### WHAT NEEDS TO BE DONE
Below this line are records; transcribe exactly the lines between the one holding "греко-персидские сражения продолжались" and the one holding "Available in silver", inclusive, and omit the pictures.

### INFORMATION SHOWN
-----

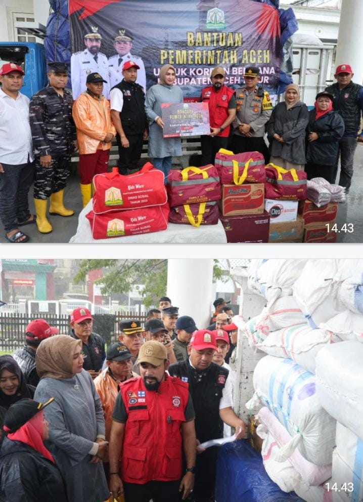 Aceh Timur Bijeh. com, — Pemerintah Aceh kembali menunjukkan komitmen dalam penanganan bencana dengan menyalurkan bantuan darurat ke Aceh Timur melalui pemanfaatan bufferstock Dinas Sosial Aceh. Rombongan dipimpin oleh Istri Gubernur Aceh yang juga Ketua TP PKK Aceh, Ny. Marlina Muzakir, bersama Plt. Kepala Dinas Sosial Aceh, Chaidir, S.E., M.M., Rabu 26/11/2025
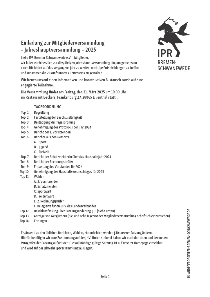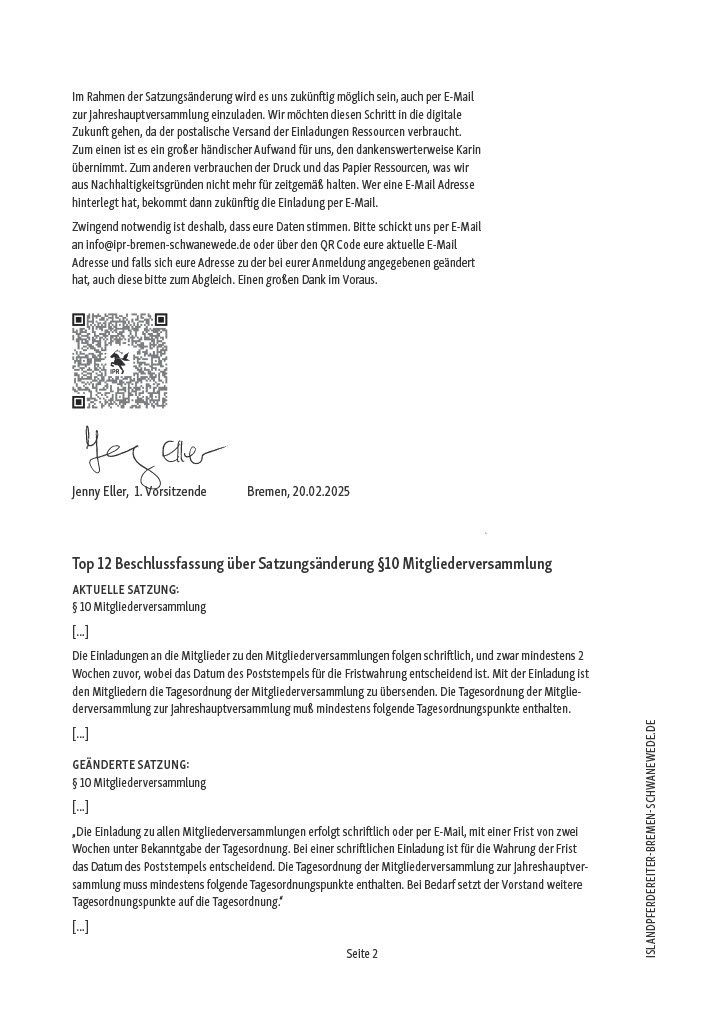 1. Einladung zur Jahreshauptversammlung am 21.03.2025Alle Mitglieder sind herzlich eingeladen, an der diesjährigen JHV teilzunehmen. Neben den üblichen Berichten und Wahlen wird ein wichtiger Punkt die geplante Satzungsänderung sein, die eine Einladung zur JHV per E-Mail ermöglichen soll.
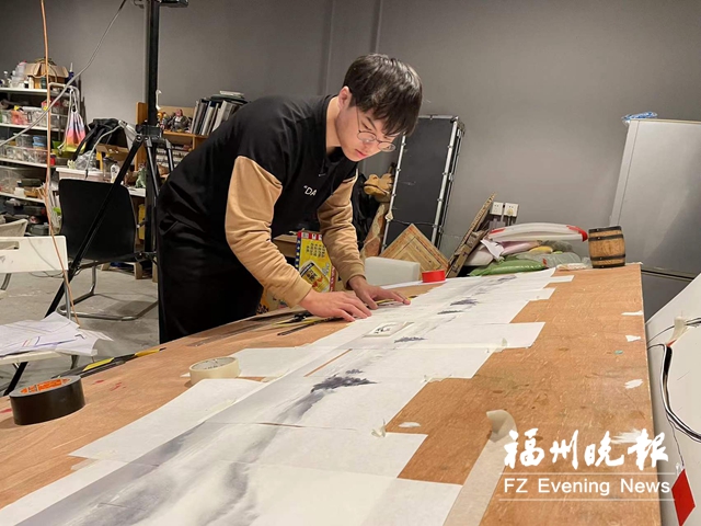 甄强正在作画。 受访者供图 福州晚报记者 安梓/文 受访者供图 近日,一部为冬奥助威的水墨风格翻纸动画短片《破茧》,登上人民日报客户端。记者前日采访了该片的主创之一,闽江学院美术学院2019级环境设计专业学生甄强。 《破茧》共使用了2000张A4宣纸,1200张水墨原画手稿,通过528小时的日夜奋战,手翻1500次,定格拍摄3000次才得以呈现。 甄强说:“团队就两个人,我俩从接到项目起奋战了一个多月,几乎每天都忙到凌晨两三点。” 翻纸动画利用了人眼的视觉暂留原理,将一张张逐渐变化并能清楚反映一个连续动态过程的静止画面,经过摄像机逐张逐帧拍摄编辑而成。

-----

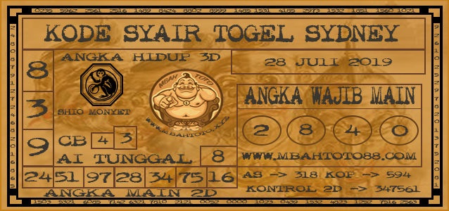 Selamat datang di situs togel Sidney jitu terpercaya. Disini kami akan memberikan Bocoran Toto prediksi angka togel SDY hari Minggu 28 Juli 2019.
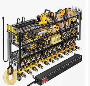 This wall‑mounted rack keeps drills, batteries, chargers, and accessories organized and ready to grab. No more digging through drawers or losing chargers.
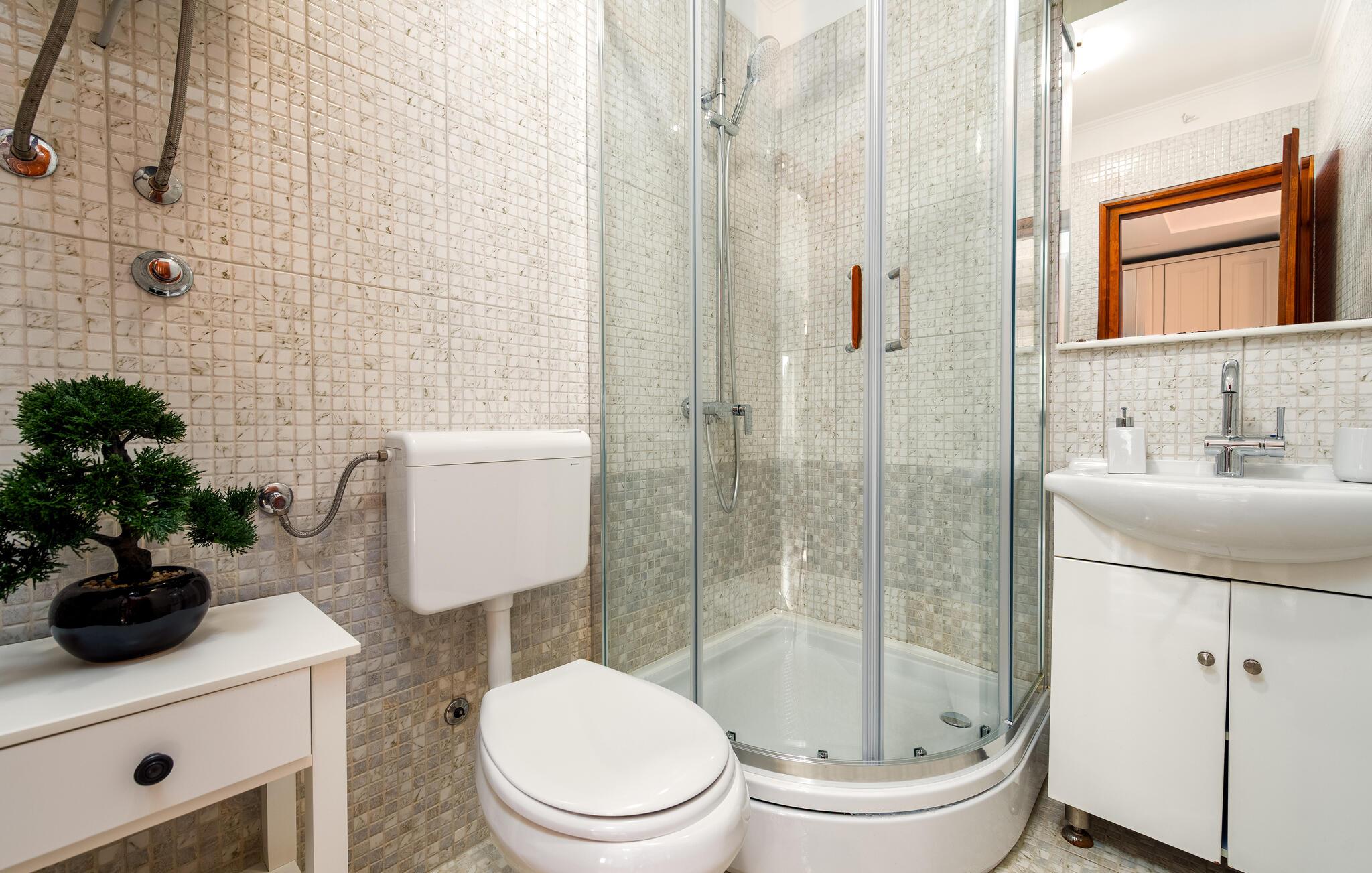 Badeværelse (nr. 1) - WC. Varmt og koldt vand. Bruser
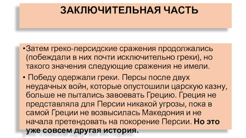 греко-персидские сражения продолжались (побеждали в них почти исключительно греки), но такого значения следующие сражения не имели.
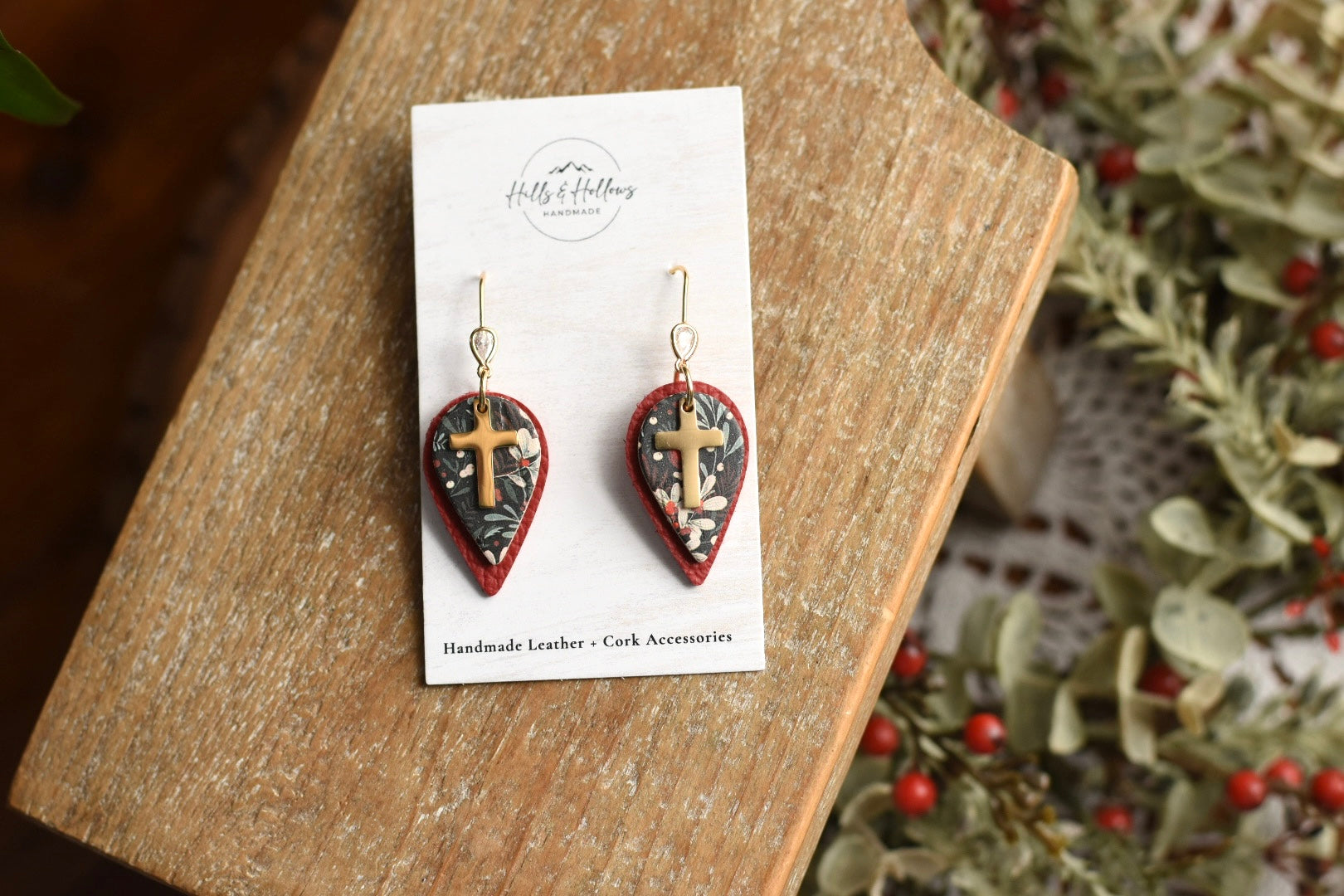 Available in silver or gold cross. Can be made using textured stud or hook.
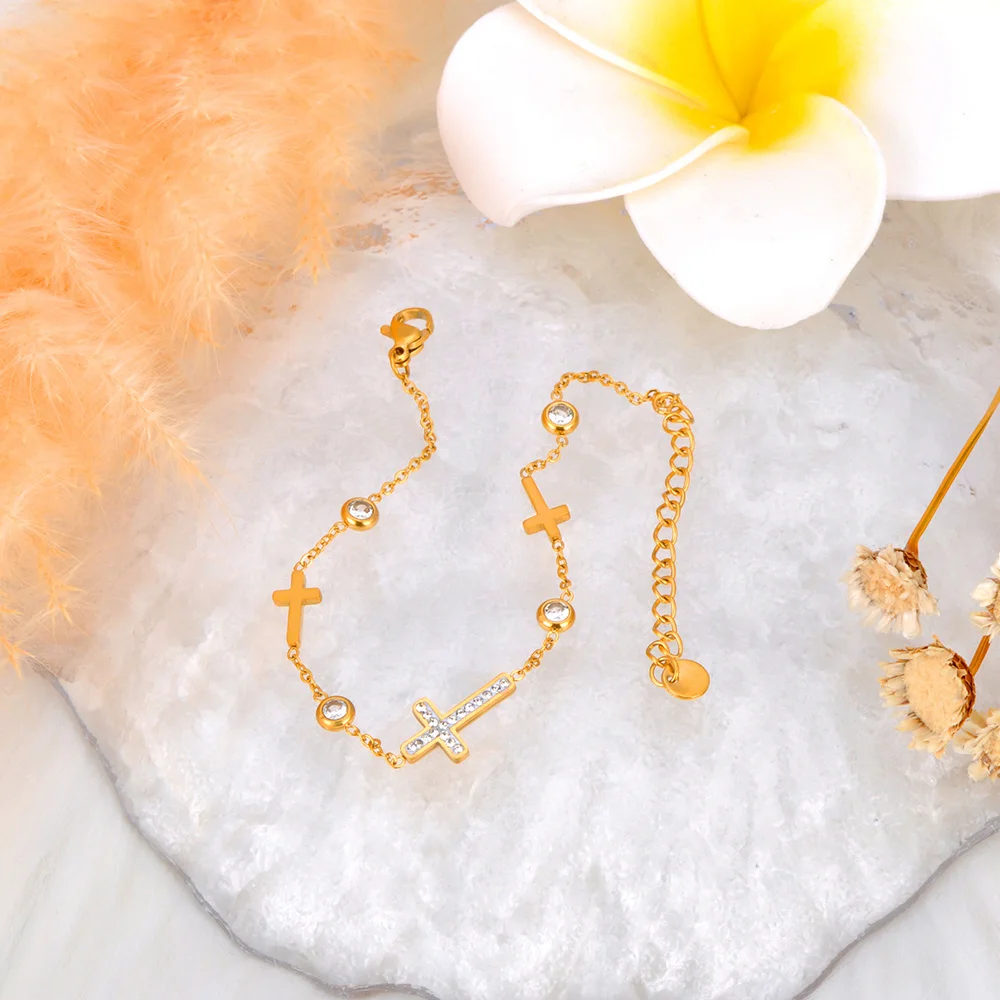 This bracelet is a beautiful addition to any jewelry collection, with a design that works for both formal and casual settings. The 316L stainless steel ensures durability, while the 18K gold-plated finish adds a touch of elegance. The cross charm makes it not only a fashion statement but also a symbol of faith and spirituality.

-----

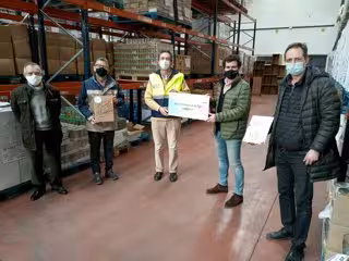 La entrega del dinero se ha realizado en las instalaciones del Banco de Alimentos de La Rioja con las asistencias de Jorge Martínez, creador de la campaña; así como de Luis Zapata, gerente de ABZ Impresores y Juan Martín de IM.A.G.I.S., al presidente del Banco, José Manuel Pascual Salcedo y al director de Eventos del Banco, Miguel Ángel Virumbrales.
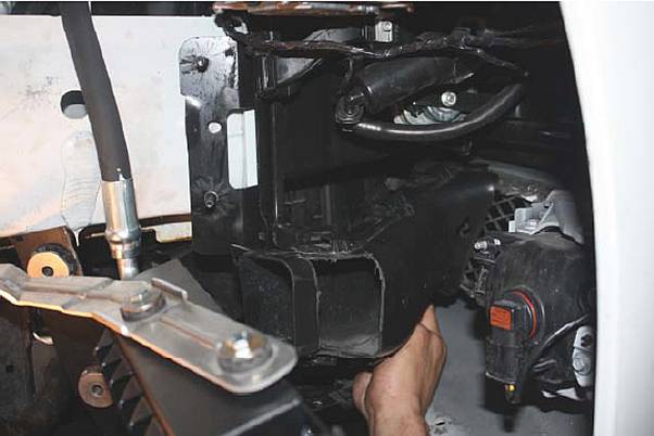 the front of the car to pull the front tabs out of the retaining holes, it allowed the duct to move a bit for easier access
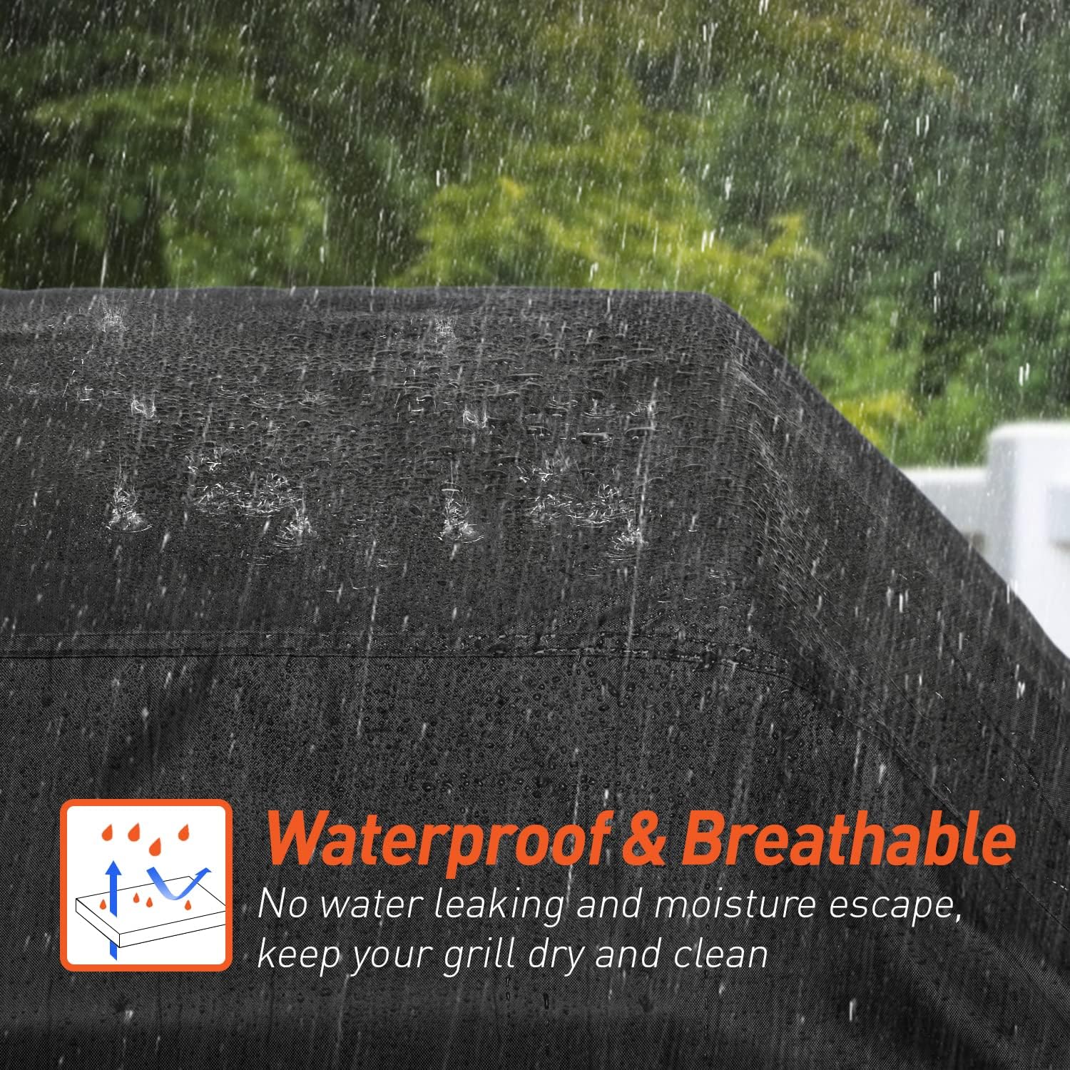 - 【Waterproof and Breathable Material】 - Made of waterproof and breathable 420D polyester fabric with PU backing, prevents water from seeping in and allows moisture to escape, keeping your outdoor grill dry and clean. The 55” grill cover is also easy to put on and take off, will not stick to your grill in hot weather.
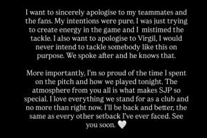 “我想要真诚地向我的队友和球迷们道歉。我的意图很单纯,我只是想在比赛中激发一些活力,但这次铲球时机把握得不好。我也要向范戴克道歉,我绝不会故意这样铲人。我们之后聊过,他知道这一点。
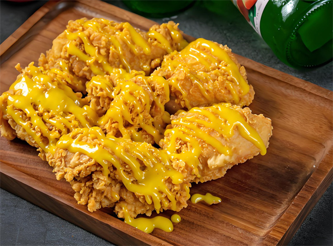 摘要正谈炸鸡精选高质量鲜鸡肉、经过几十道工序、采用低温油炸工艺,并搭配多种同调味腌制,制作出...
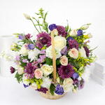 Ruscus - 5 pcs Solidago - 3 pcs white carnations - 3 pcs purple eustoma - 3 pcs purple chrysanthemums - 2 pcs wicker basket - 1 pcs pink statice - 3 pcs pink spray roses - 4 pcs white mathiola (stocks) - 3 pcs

-----

### RESULT
 греко-персидские сражения продолжались (побеждали в них почти исключительно греки), но такого значения следующие сражения не имели.
 Available in silver or gold cross. Can be made using textured stud or hook.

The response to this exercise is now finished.